NeddySeagoon, thank you for the tip about using ipv6. That also lead me to libvirt for managing qemu and OpenVSwitch. I have only been reading up on all of this so far, but I will start actually installing and configuring everything tomorrow night.

----------

----------

## NeddySeagoon

dustfinger,

OVH give you a rescue system.  Its a net booted debian based system I think.

That's how I installed my Gentoo at OVH.

They used to provide a way to boot your install into QEMU, so you you could get the console.

Unfortunately, I got Intel real hardware and QEMU pretended to be AMD, so with everything built -march=native, QEMU failed for other reasons.

The OVH forums are helpful.  Some of the OVH support staff post there but official support is fairly limited, to put it kindly.

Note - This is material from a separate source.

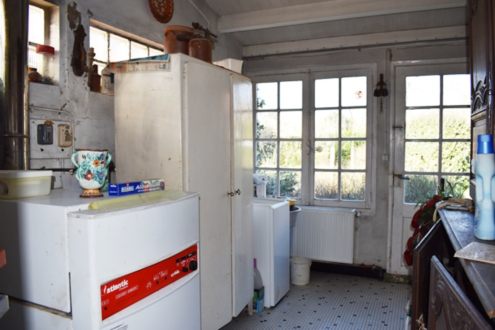 Proche des commerces et de la plage, cette maison à rénover comprend une pièce de vie avec une cheminée, une cuisine, une buanderie/chaufferie, deux chambres dont une avec sa salle d'eau, wc et la 2ème avec un lavabo et wc. Une dépendance de 28m² et un garage de 24m² env. Beau terrain clos et arboré.
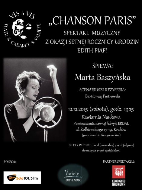 W wyjątkowym programie „CHANSON PARIS” - najpiękniejsze piosenki Edith Piaf, francuskie szlagiery oraz przeboje Ewy Demarczyk, a także wiersze Jacquesa Preverta i Haliny Poświatowskiej - zaśpiewa Gwiazda scen muzycznych, artystka Teatru VIS a VIS - Marta Baszyńska.

My OVH install is still alive and well as a KVM on my Hetzner box.

----------

## dustfinger

Hi NeddySeagoon,

I never got a rescue system with ovh. I did get an IPMI (I have always worried about the security of this) which gives me Keyboard Video Monitor access. I used that in conjunction with a usb drive to install gentoo from a live cd.

I am currently considering one of the following options to move forward with:

1. to use libvirt/virsh to manage my qemu kvms and OpenVSwitch to manage my network

2. To use OpenStack to manage everything. The downside here is that I have only one physical host. It does have 12 cpu and 64 GB of RAM though

I think that option 1 would do well for me, but I if I do get more hosts in the future, I don't imagine that it would be very easy to switch to openstack at that point. Whereas, if I just start with openstack now, it might be overkill, but it might also be easy to expand to additional hosts as I acquire and require them.

Sincerely,

dustfinger

----------

## merky1

 *dustfinger wrote:*   

> 
> 
> merky1: Is vnetx the same thing as vlanx? Or is vnet something slightly different? Is vnetx just the interfaces for each virtual machine? I have not yet created my virtual machine, i was trying to solve these networking problems first.
> 
> 

 

vnet[x] is not the same as vlanx.  It is the virtualized NIC's connection to the hosts bridge.  Basically uses a TUN/TAP interface.

I would highly recommend you stay away from the OpenStack stuffs until you grow beyond 5 hosts.  Libvirt/Virtual Manager will do you well until you decide to expose things externally / for money.

----------